Incidentally, even in both cases of the time-based window and the topple-based window, a set of pointers to memory areas that store respective data each belonging to a newly-defined analysis window is issued as a command for transmission of a data set.
When receiving the command for the transmission of the data set (i.e., each pointer to the memory area that stores data to be transmitted) from the analysis window generating means 403, the stream data transmitting means 404 transmits the data stored in the memory area indicated by each pointer to the time series data analyzing means 5. When transmitting the data, the stream data transmitting means 404 deletes the data from the transmission data buffer 402.
The time series data analyzing means 5 analyzes the data received from the data stream generating means 4. The time series data analyzing means 5 is provided with storing means (not shown) for storing the data received from the data stream generating means 4 and stores the received data in the storing means. The time series data analyzing means 5 reads the data added to which the same window ID is assigned and performs analysis on the data. The read data is deleted from the storing means. When data of each probe car is analyzed, the time series data analyzing means 5 matches the data of each probe car with a road map, for example and generates jam information indicative of at which position a jam occurs, from the average speed of the probe car. This processing is performed at predetermined intervals (e.g., intervals of 5 minutes). In this case, the analysis may be determined to be done in the time-based window. The processing to be performed by the time series data analyzing means 5 may be determined according to the data generated by each data generation source 1 and analysis purposes, and is not limited to specific analysis processing.

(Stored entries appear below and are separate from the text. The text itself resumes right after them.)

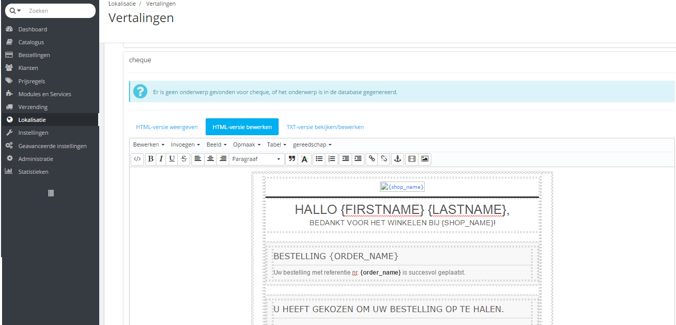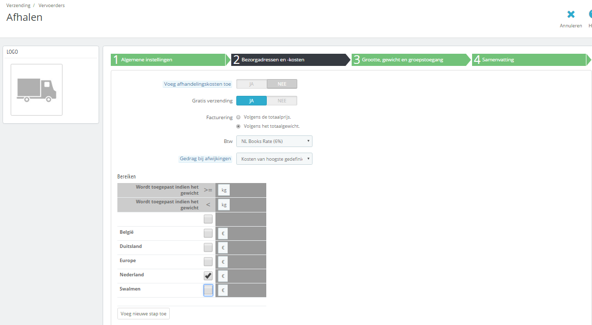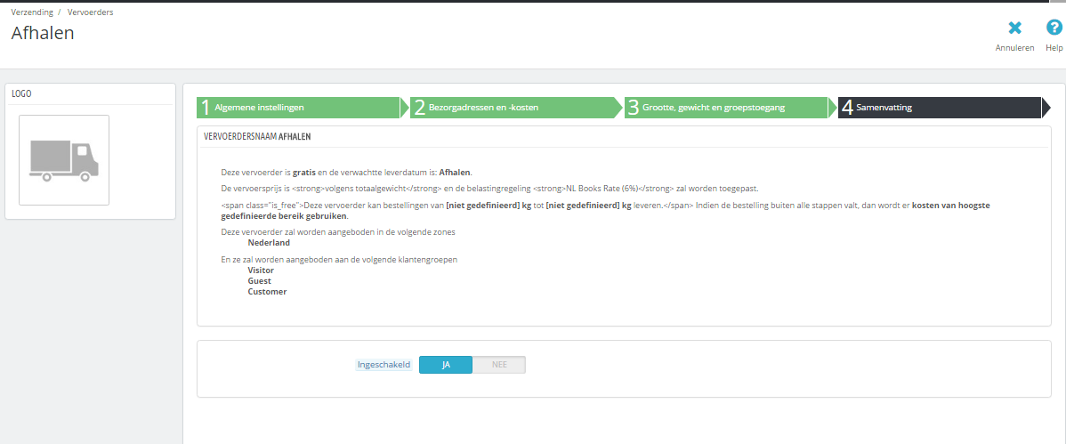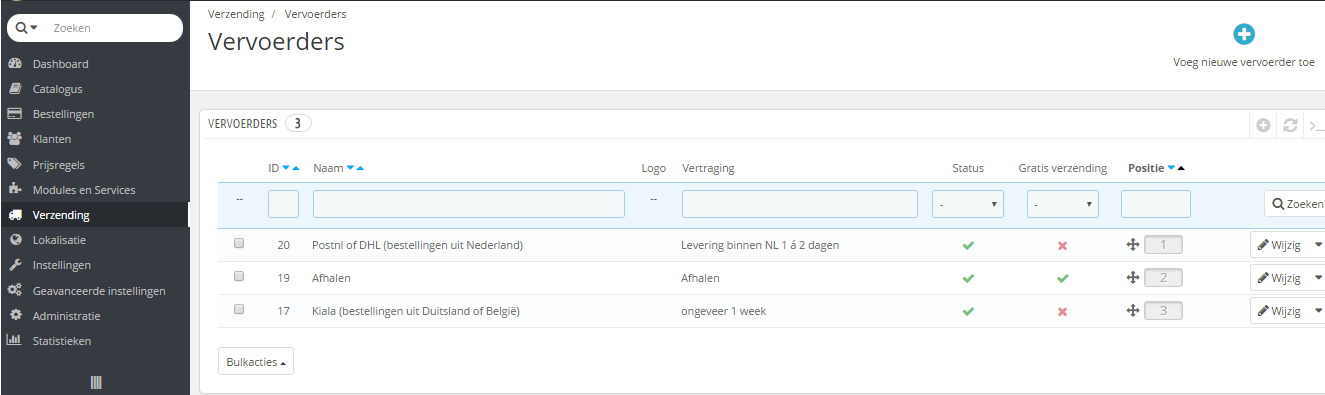 Mijnnaamisjudith Posted January 22, 2017 Share Posted January 22, 2017 Ik ben naar aanleiding van dit topic aan de slag gegaan: https://www.prestash...en-bij-ophalen/ -> Ik heb stap 1, de betaling per cheque, omgebouwd naar ophalen (printscreen 1) en bij stap 2 heb ik de vertalingen van de e-mail template aangepast (printscreen 2). -> Ik heb bij vervoerders een optie 'afhalen' aangemaakt (zie printscreen 3 t/m 6). Ik twijfel overigens ook of ik bij deze optie wel alles goed heb ingevuld. Hoe zorg ik nu dat de optie 'afhalen' ook zichtbaar wordt? Moet er nog ergens iets gekoppeld of geactiveerd worden? In feite mag iedereen die optie kiezen alleen zullen in de praktijk alleen mensen uit de buurt hiervoor kiezen. Er moet dan dus niet doorverwezen worden naar een betaalprogramma maar ze mogen in de winkel contant betalen of pinnen. Ik zie ergens iets over het hoofd maar krijg het niet bedacht. Hoop dat iemand de oplossing heeft!! Link to comment Share on other sites More sharing options...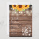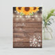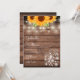 Una invitación de boda rústica elegante que presenta hermosos girasoles, luces de cadena y frascos mason. Los nombres de la feliz pareja están escritos en una elegante letra cursiva sobre los detalles especiales de la boda en un fondo de madera rústica. El reverso presenta las iniciales de su monograma dentro de un girasol a juego. Diseñado por Thisisnotme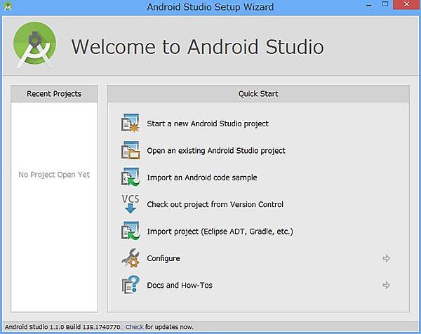 おめでとうございます!すべての準備が整いました。次回からは、Android Studioを起動すると上の画面が表示され、すぐにAndroidアプリの作成に取りかかれるようになります。長い長い道のりでしたが、これでAndroidアプリの作成と実行が思う存分できますね!
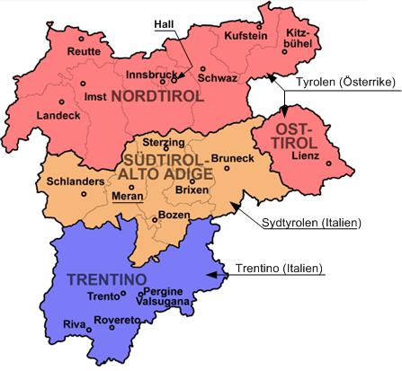 Efter första världskriget styckades Tyrolen upp så att Sydtyrolen och Trentino kom att tillhöra Italien.
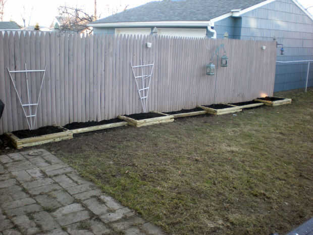 El lo único que queda ahora es llenar los niveles de suciedad. Si usted necesita comprar tierra, arrancó bolsas en Lowes son 50% off. Tuvo 20 + bolsas de 40 libras para llenar todo un marco de referencia. Aún es un poco pronto para plantar aquí en Buffalo, pero esperemos que debo obtener cosas dentro de un par de semanas.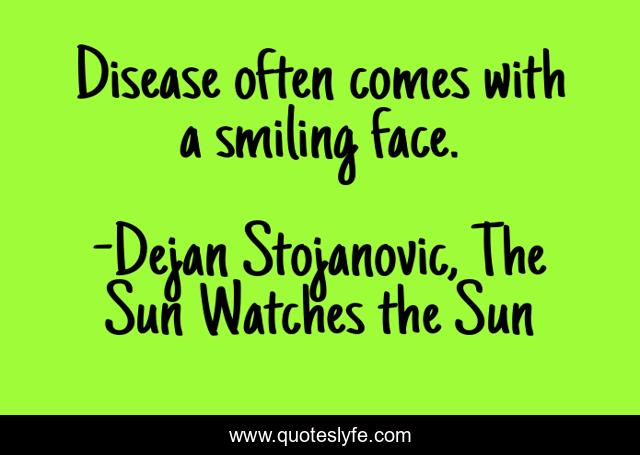 "Dejan Stojanovic, The Sun Watches the Sun Quotes." Quoteslyfe.com, 2025. Sat. 06 Dec. 2025. <https://www.quoteslyfe.com/quote/Disease-often-comes-with-a-smiling-face-112389>.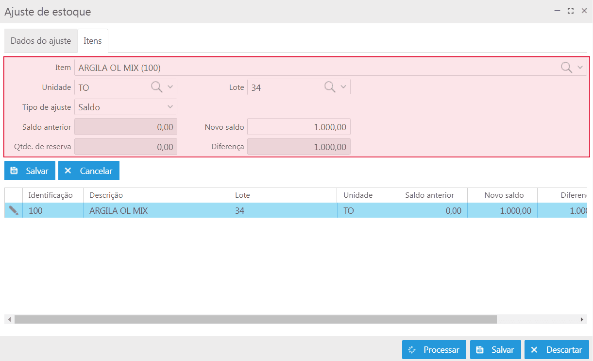 - Para cada item deve-se informar a unidade, o novo saldo e no campo Lote informar o lote correspondente a quantidade ajustada.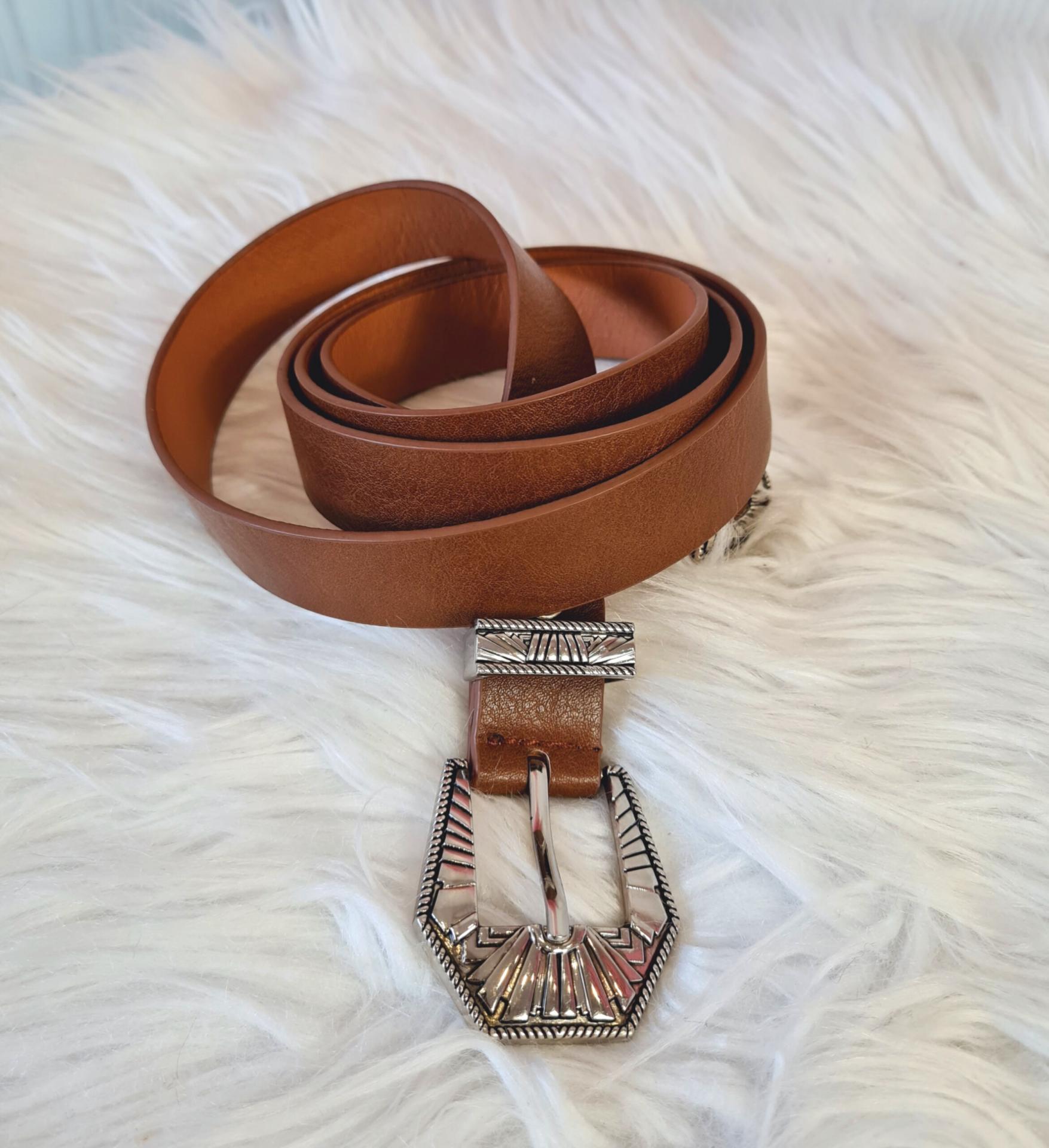 Cinturón de cuero marrón con apliques en color plateado.

The sampling rate storing means 40603 is a memory that stores a sampling rate. The sampling rate is a rate for sampling data from within a data group given from the stream data generating means 401.
The sampling rate setting means 40602 stores a sampling rate input from the outside in the sampling rate storing means 40603. For example, the sampling rate setting means 40602 displays GUI (Graphic User Interface) on a display device (not shown).of the analysis preprocessing system, receives a sampling rate input by the administrator of the analysis preprocessing system and stores the sampling rate in the sampling rate storing means 40603. The sampling rate may however be input by other forms.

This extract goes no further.